%%

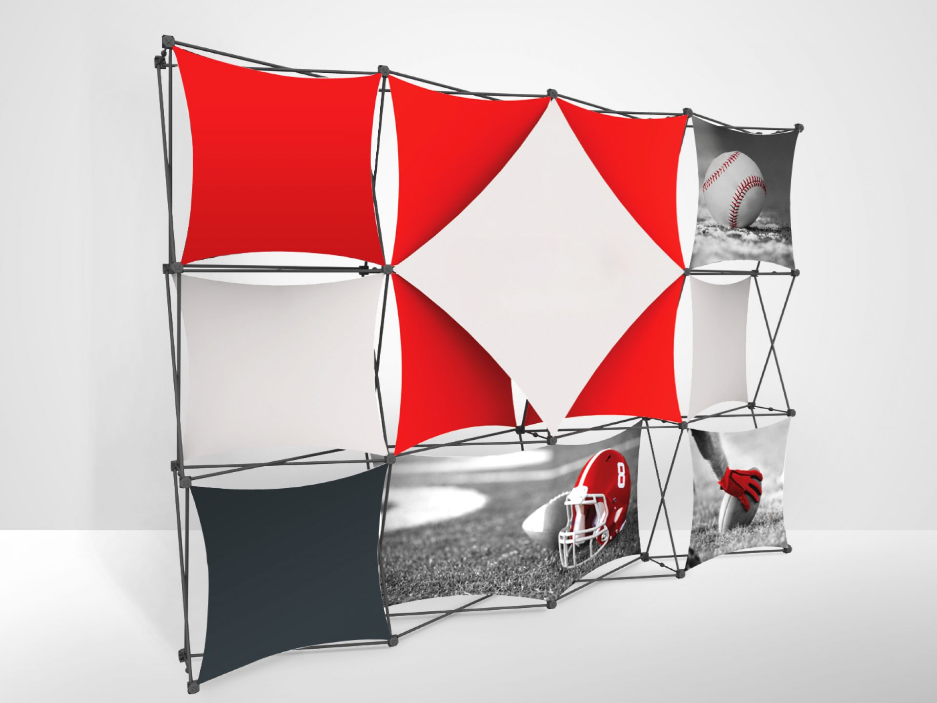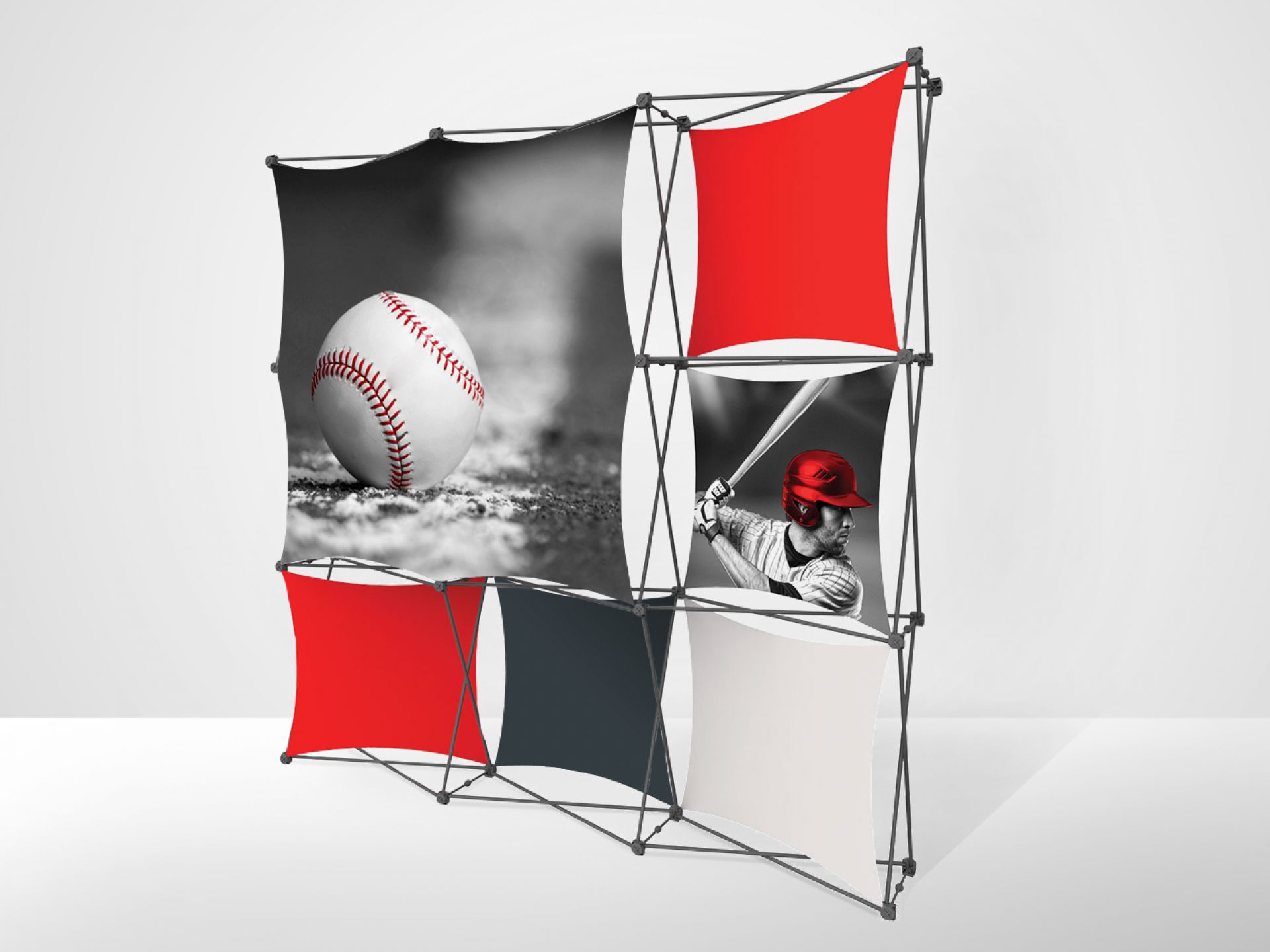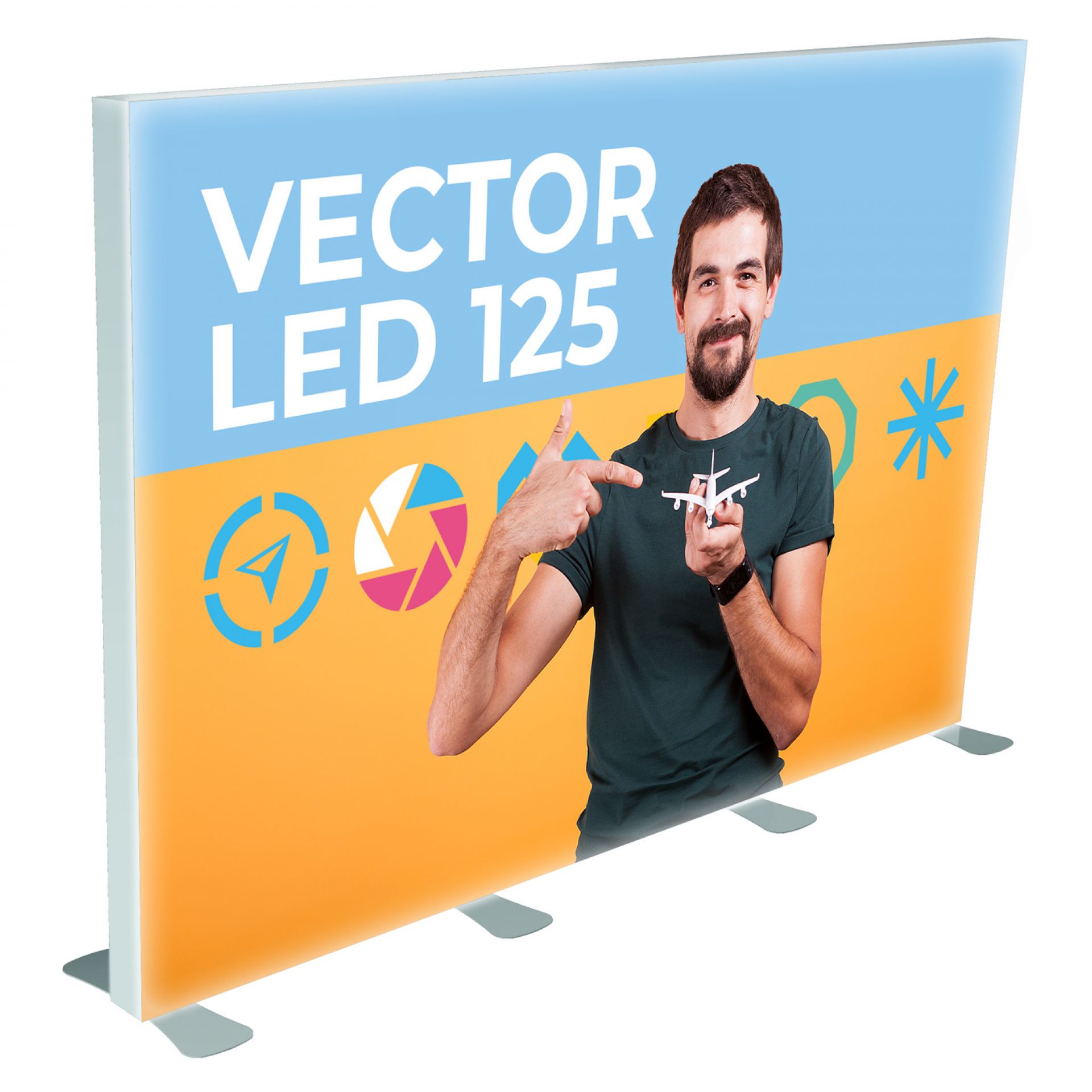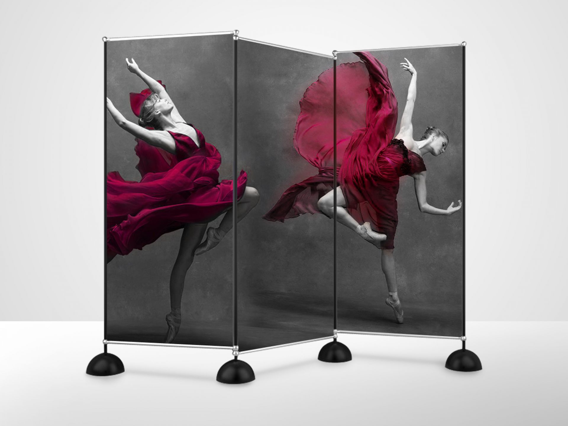Avec sa structure invisible, cette gamme est polyvalente et peut facilement se transformer en stand d'exposition, murs d'image, paravent, fond de stand ou simple totem.
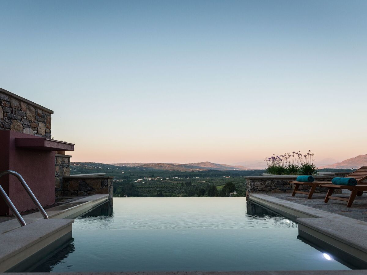 The pool is equipped with sun loungers while there is a stylish fountain, offering moments of relaxation under the sound of running water.
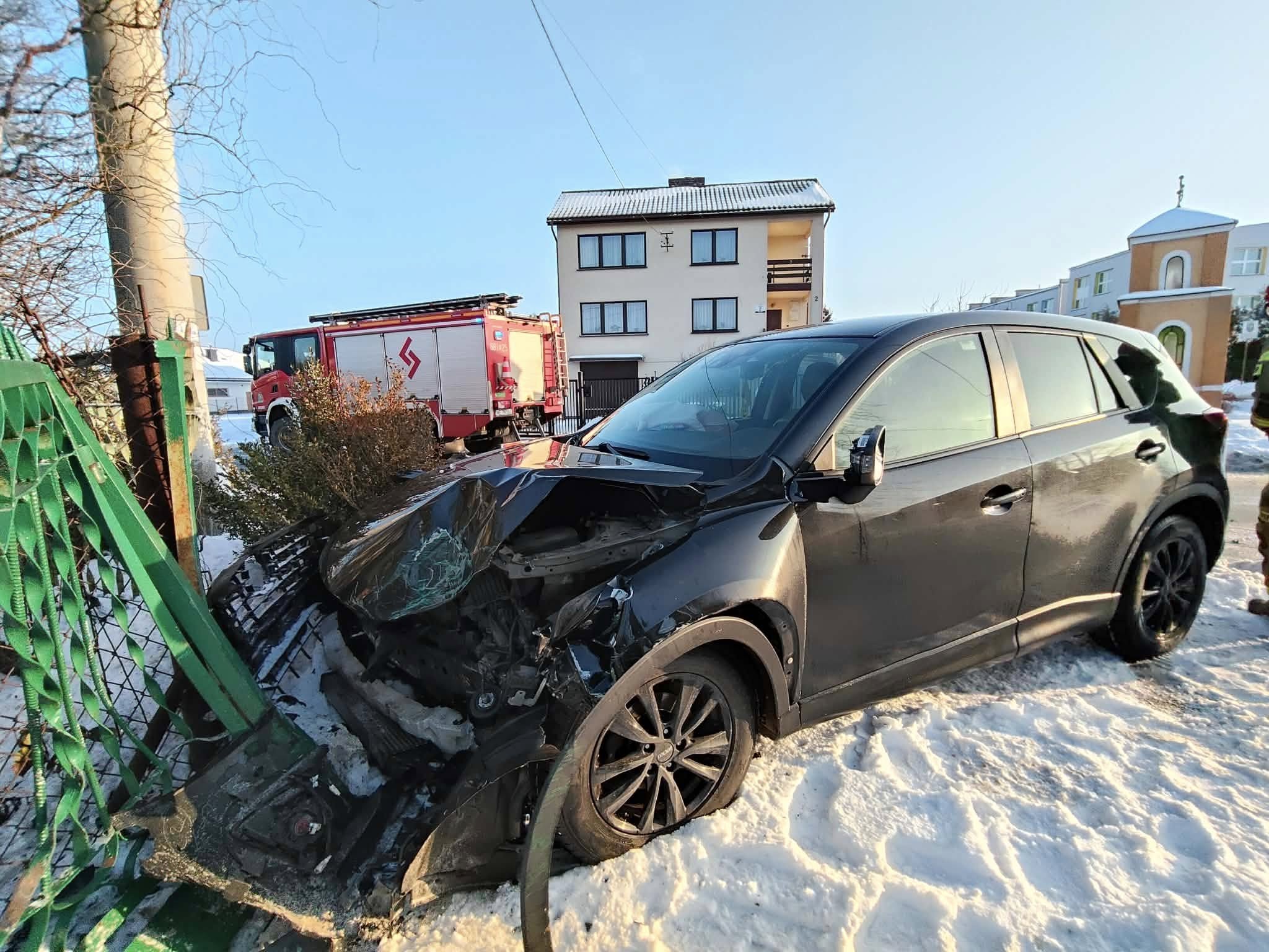 Po przybyciu pierwszych zastępów oczom ratowników ukazał się dramatyczny widok. Jeden z pojazdów, z ogromną siłą, wypadł z drogi i uderzył w ogrodzenie prywatnej posesji, zatrzymując się na zaśnieżonym poboczu. Przód samochodu został poważnie zniszczony – zdeformowana maska, rozbite elementy karoserii i widoczne uszkodzenia konstrukcyjne świadczyły o sile uderzenia. Drugi pojazd również nosił ślady kolizji i blokował część jezdni.
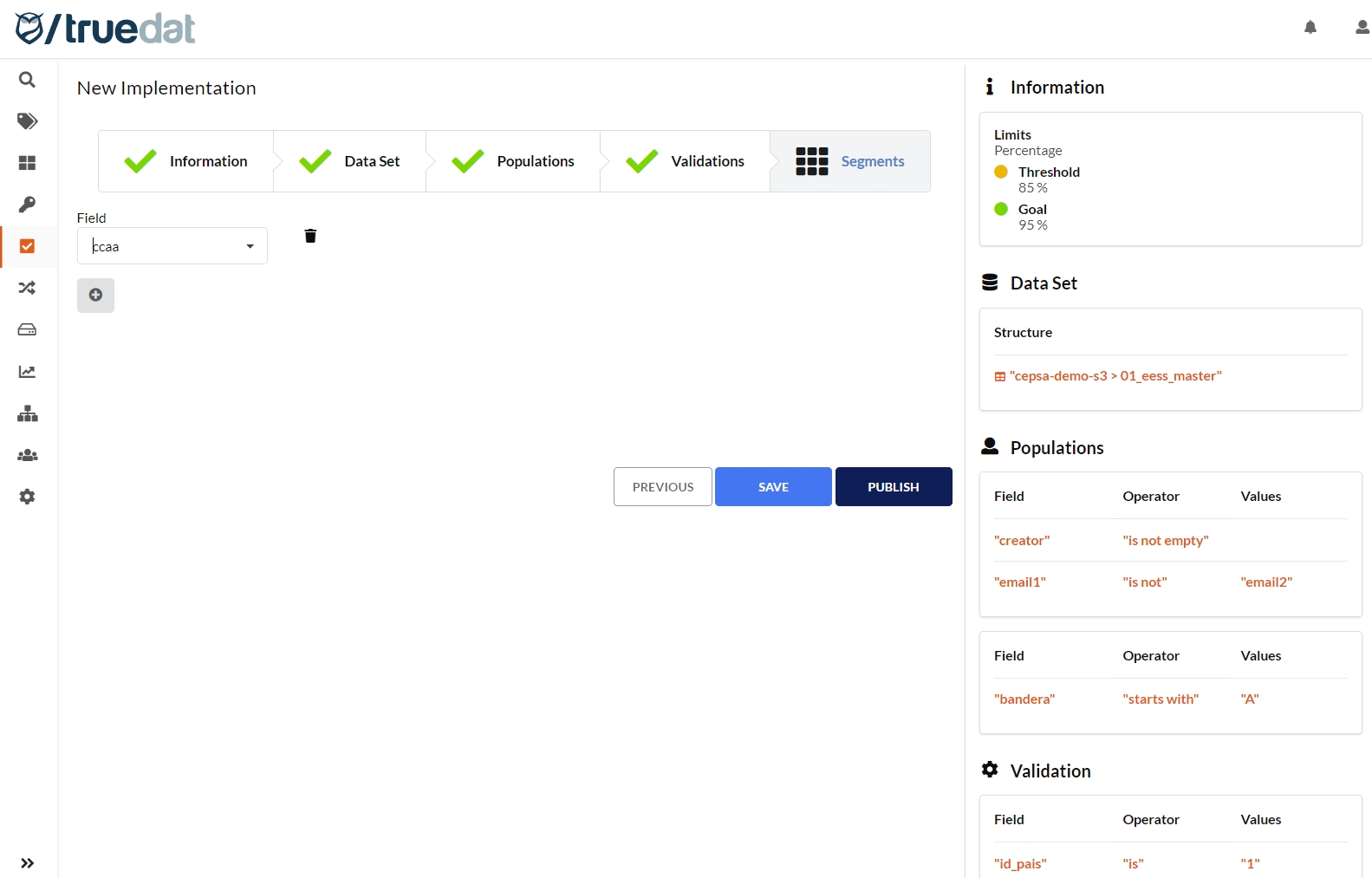 In this step you could define the drill-down criteria so the quality results will be presented not only as a total but also by the segmentation defined. This step is optional and only users with permission "Manage Implementation Segments" will have this option available.
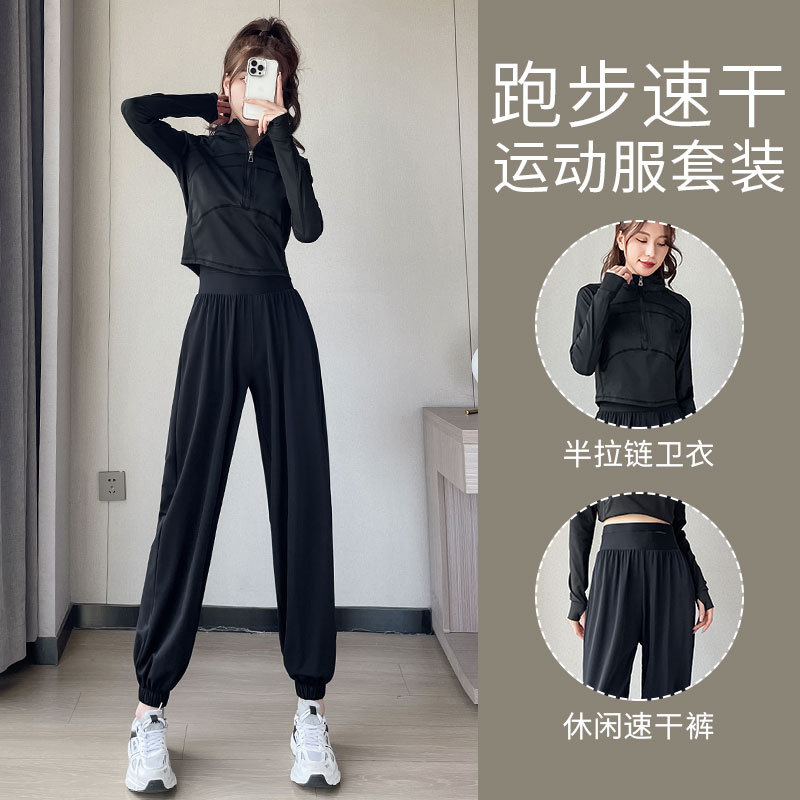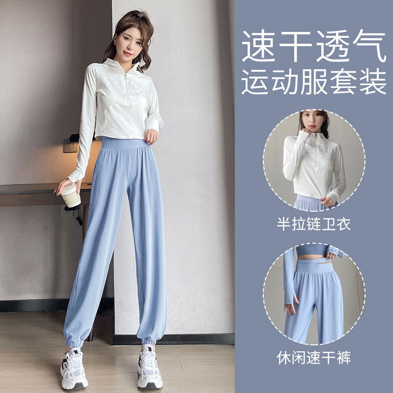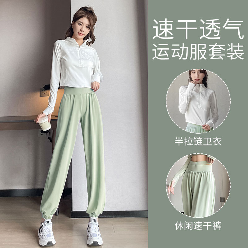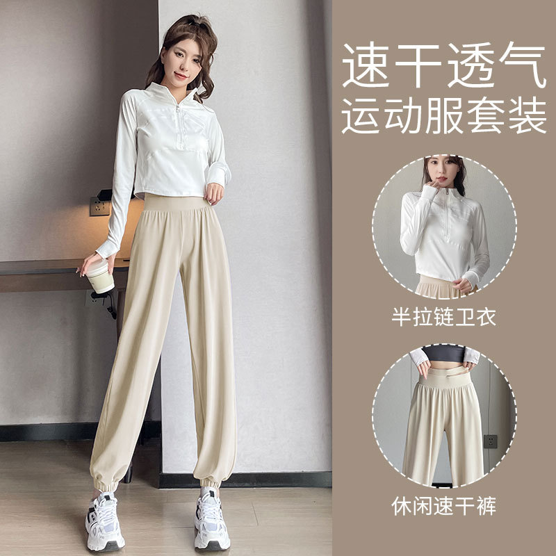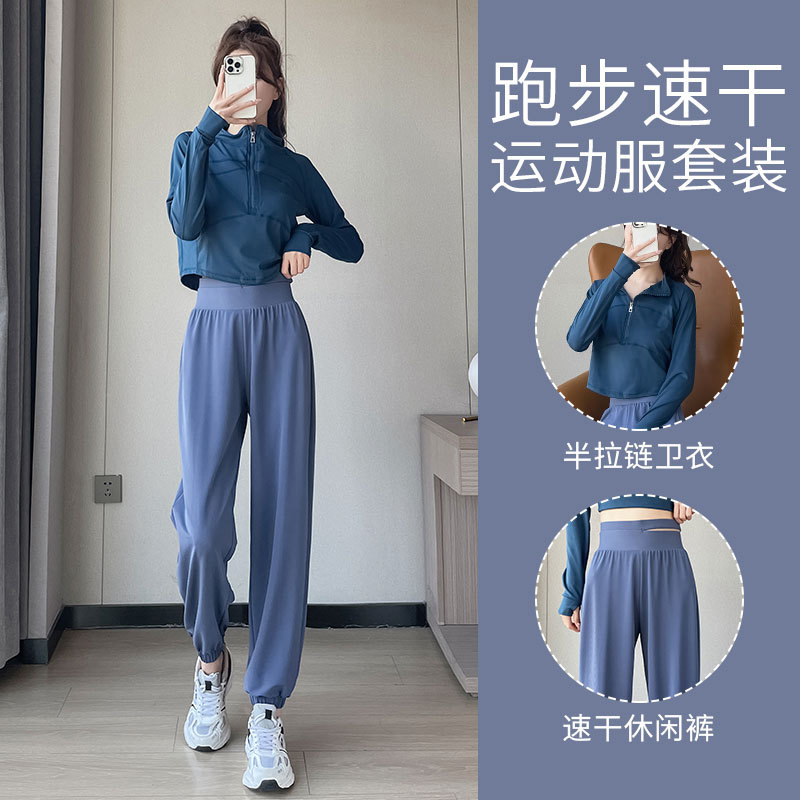 달리기 스포츠 세트 여성 봄과 가을 2024 새로운 승마 요가 옷 빠른 건조 레저 피트니스 바지 하이킹 등산 옷스토어 가기

%%

Task requirements: Retype the line containing "In this step" and each line after it through the last line of the entries above, exactly, with no pictures and nothing else.

Solution for this exercise:
 In this step you could define the drill-down criteria so the quality results will be presented not only as a total but also by the segmentation defined. This step is optional and only users with permission "Manage Implementation Segments" will have this option available.
 달리기 스포츠 세트 여성 봄과 가을 2024 새로운 승마 요가 옷 빠른 건조 레저 피트니스 바지 하이킹 등산 옷스토어 가기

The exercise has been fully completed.